Solving the 2-norm k-hyperplane clustering problem via multi-norm formulations¶

Conference: ICLR 2026
OpenReview: https://openreview.net/forum?id=VJAqqtVXfD
Code: https://github.com/stefanoconiglio/khc-multinorm
Area: Optimization / Clustering
Keywords: k-hyperplane clustering, global optimization, spatial branch-and-bound, multi-norm relaxation, mixed-integer programming

TL;DR¶

This paper transforms the non-convex exact solution problem of 2-norm k-hyperplane clustering into a multi-norm mixed-integer model reinforced by 2-norm, 1-norm, and \(\infty\)-norm constraints. This allows spatial branch-and-bound to obtain non-zero lower bounds earlier, accelerating median solution time by up to approximately \(41\times\) on LowDim/HighDim benchmarks.

Background & Motivation¶

Background: k-Hyperplane Clustering (k-HC) fits a set of points using \(k\) hyperplanes, where each point is assigned to its nearest hyperplane. It can be viewed as k-means where "centroids" are replaced by "lines/planes/hyperplanes," commonly found in scenarios such as line/surface detection, piecewise affine model fitting, PCA/sparse component analysis, and LiDAR geometric structure recognition. Classic k-HC2 uses Euclidean distance—the 2-norm distance from a point to a hyperplane—because this distance is rotation-invariant and its geometric meaning is most natural.

Limitations of Prior Work: The difficulty lies not in writing the objective function but in solving it globally. Given a hyperplane \(H_j=\{x\in\mathbb{R}^n:x^\top w_j=\gamma_j\}\), the 2-norm distance of point \(a_i\) to this hyperplane involves \(|a_i^\top w_j-\gamma_j|/\|w_j\|_2\). The \(w_j\) in the denominator makes the model non-convex and causes the expression to degenerate when \(w_j=0\). Existing MI-QCQP exact models can describe this problem, but when passed to spatial branch-and-bound (SBB) for global optimality, the lower bound remains at 0 for a long time, making the branch-and-bound tree difficult to prune.

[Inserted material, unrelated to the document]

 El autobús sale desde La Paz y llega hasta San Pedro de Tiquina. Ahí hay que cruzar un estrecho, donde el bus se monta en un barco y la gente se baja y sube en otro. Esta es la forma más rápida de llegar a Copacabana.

Key Challenge: While the 2-norm is the geometrically preferred distance, the complement of the feasible region for the 2-norm constraint \(\|w_j\|_2\ge 1\) has a spherical structure. When using common convex hull/McCormick outer approximations for SBB, the root node includes \(w_j=0\) in the relaxation, allowing the objective \(\sum_i d_i^2\) to take the value 0. In other words, the geometric representation of the model is natural, but the initial relaxation it provides to the solver is too weak.

Goal: Instead of proposing a faster heuristic, the authors aim to maintain the k-HC2 Euclidean distance objective while enabling exact solvers to prove global optimality faster. Specific goals include: constructing valid reinforced formulations; proving that reinforcement constraints derived from other norms remain valid relaxations/lower bounds for the original problem; analyzing when non-zero lower bounds can be obtained within a linear or polynomial number of SBB nodes; and verifying whether these theoretical reinforcements translate into significant acceleration in real solvers.

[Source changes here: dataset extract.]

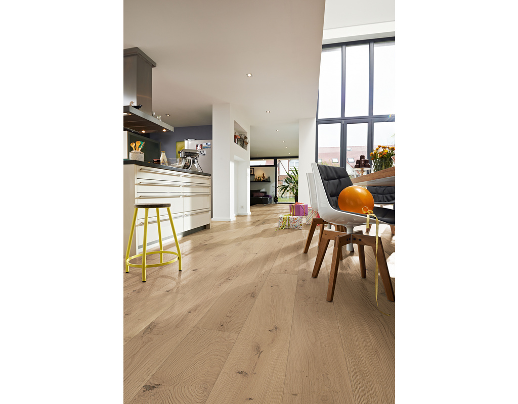Mit seinem Schlossdielenformat kommt der Lindura-Holzboden besonders in großen Räumen perfekt zur Geltung. Der besondere Produktaufbau macht Lindura extrem strapazierfähig und somit auch für viel genutzte Wohnbereiche oder auch Gewerberäume zur gelungenen Bodenlösung. Durch das ultramattlackierte Finish, das jede einzelne Pore benetzt, wirken die Dielen nicht nur extra edel und natürlich, sondern werden auch besonders pflegeleicht, fleckenunempfindlich und resistent gegen Mikrokratzer (kleine Kratzer in der Lackoberfläche, die nicht bis zur Echtholzdeckschicht durchdringen).

Key Insight: A key observation is that the \(p\)-norm distance from a point to a hyperplane is controlled by the dual norm of \(w\). Although the target problem is the 2-norm version, the 1-norm and \(\infty\)-norm constraints have polyhedral structures and can be expressed in a mixed-integer linear fashion. The authors utilize equivalence inequalities between different norms to incorporate these polyhedral norm constraints as effective reinforcement terms for the 2-norm model, rather than directly changing the problem to a different distance metric.

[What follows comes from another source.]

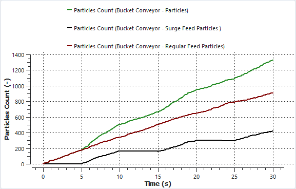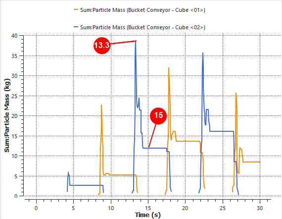 Note that when crossing the Hopper (at 13.3 s for example), the cubes encompass particles that are not necessarily being carried by the buckets, and it causes peaks on the plot.

Core Idea: Use scaled 1-norm/\(\infty\)-norm formulations to add polyhedral norm constraints to 2-norm k-HC2, allowing SBB to possess stronger lower bounds and a more "branchable" geometric structure while preserving the original Euclidean clustering objective.

Method¶

Overall Architecture¶

The workflow of this paper can be understood as "first obtaining valid lower bounds from norm equivalence relations, then embedding the polyhedral constraints corresponding to these lower bounds back into the original 2-norm exact model." The input consists of \(m\) points \(a_i\in\mathbb{R}^n\) and the number of hyperplanes \(k\); the output is not an approximate clustering but a k-HC2 solution with a global optimality certificate. The real change occurs at the formulation level: the original model retains \(\|w_j\|_2\ge 1\) but additionally incorporates \(\|w_j\|_1\ge 1\), \(\|w_j\|_\infty\ge 1/\sqrt{n}\), or both, thereby altering the geometry of the SBB relaxation.

%%{init: {'flowchart': {'rankSpacing': 24, 'nodeSpacing': 28, 'padding': 6, 'wrappingWidth': 400}}}%%
flowchart TD
    A["Input points and number of hyperplanes<br/>m points, k hyperplanes"] --> B["Original k-HC2<br/>2-norm exact objective"]
    B --> C["Norm equivalence lower bounds<br/>Scaled from p/q norm relations"]
    C --> D["Polyhedral norm reinforcement<br/>1-norm and infinity-norm"]
    D --> E["Mixed-integer representation<br/>Sign and disjunctive variables"]
    E --> F["Spatial Branch-and-Bound<br/>Obtain non-zero lower bounds earlier"]
    F --> G["Global optimal solution<br/>Prove optimality in less time"]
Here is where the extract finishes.